• Data extract:
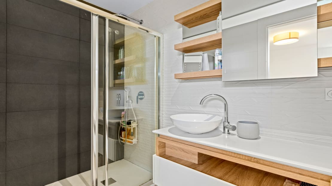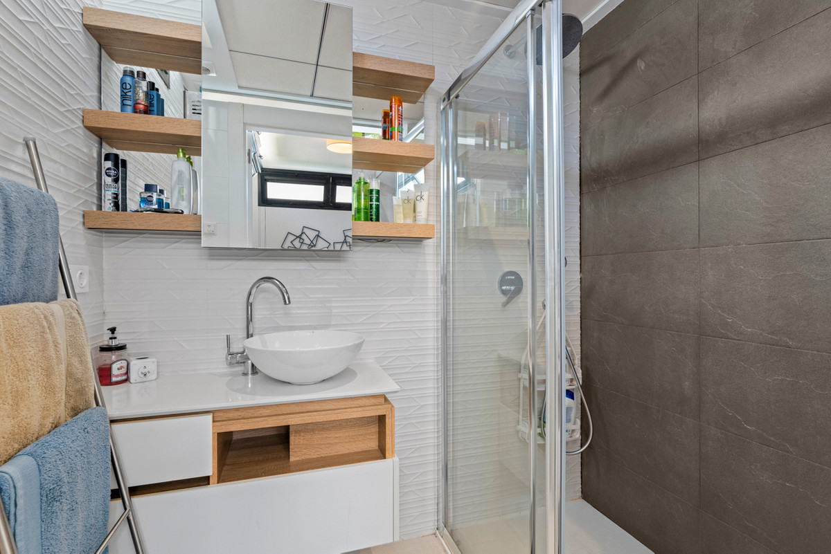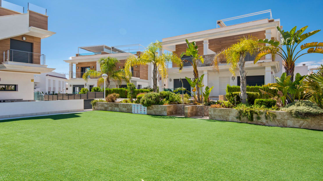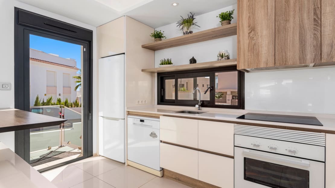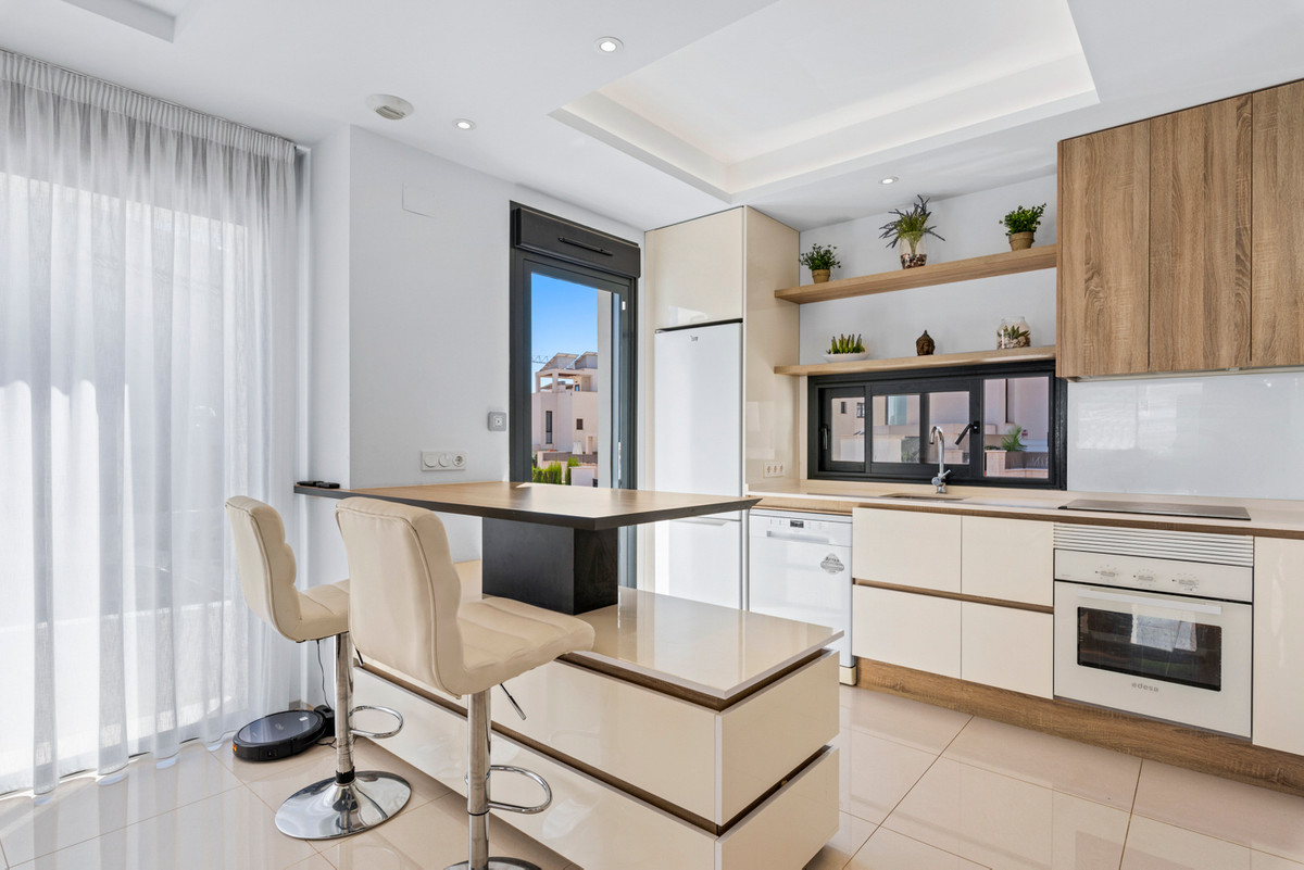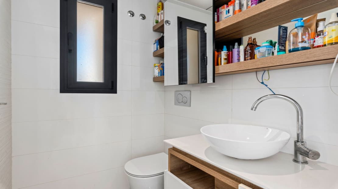 This property, built in 2017, is perfectly located in the popular Riva complex in Ciudad Quesada. On the ground floor there is a bathroom and a large living room with an open kitchen. On the underground floor there are two bedrooms with en-suite bathrooms and built-in wardrobes. On the first floor we find the main room, which has an en-suite bathroom and has access to a 5m2 balcony. On this floor we also find another room with access to a balcony and built-in wardrobes. The house also has a 5m2 solarium with a jacuzzi and incredible views of the surroundings and common areas. The solarium has an outdoor shower, artificial grass and awnings.
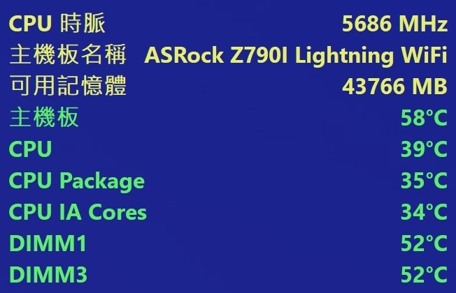 主機板有主動VRM散熱即使是i9裝載也只有58度
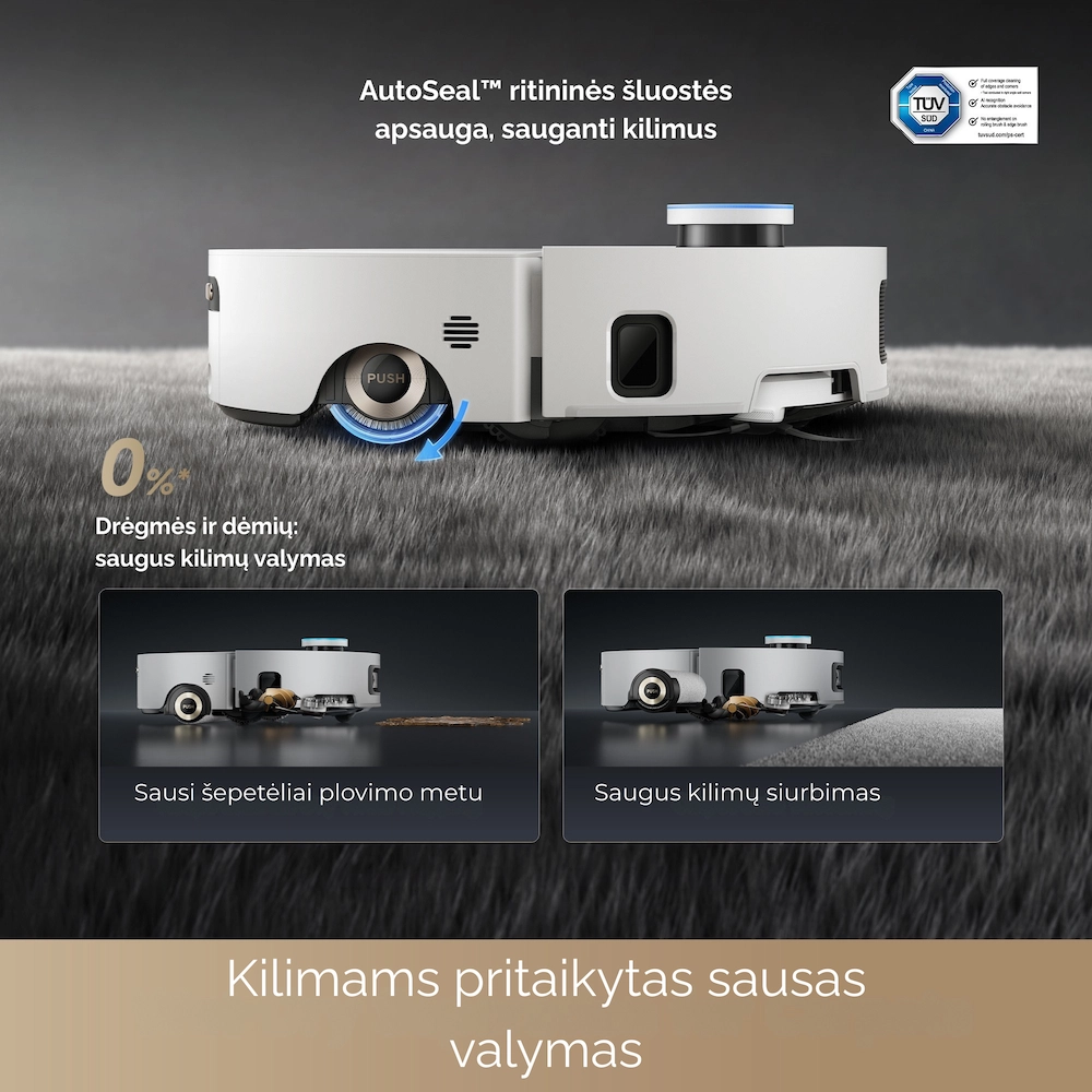 AutoSeal ritininės šluostės apsauga – tai DREAME išmanioji technologija, kuri rūpinasi kilimais, automatiškai užsandarindama ritininę šluostę, kai aptinka kiliminę dangą. Ši funkcija užkerta kelią drėgmės ir nemalonių kvapų kaupimuisi kilimuose.

• Exercise aim:
Once the pictures are set aside, what is needed is the lines from the line with "主機板有主動VRM散熱即使是i9裝載也只有58度" through the end of the data, written out exactly and alone.

• Result of this exercise:
 主機板有主動VRM散熱即使是i9裝載也只有58度
 AutoSeal ritininės šluostės apsauga – tai DREAME išmanioji technologija, kuri rūpinasi kilimais, automatiškai užsandarindama ritininę šluostę, kai aptinka kiliminę dangą. Ši funkcija užkerta kelią drėgmės ir nemalonių kvapų kaupimuisi kilimuose.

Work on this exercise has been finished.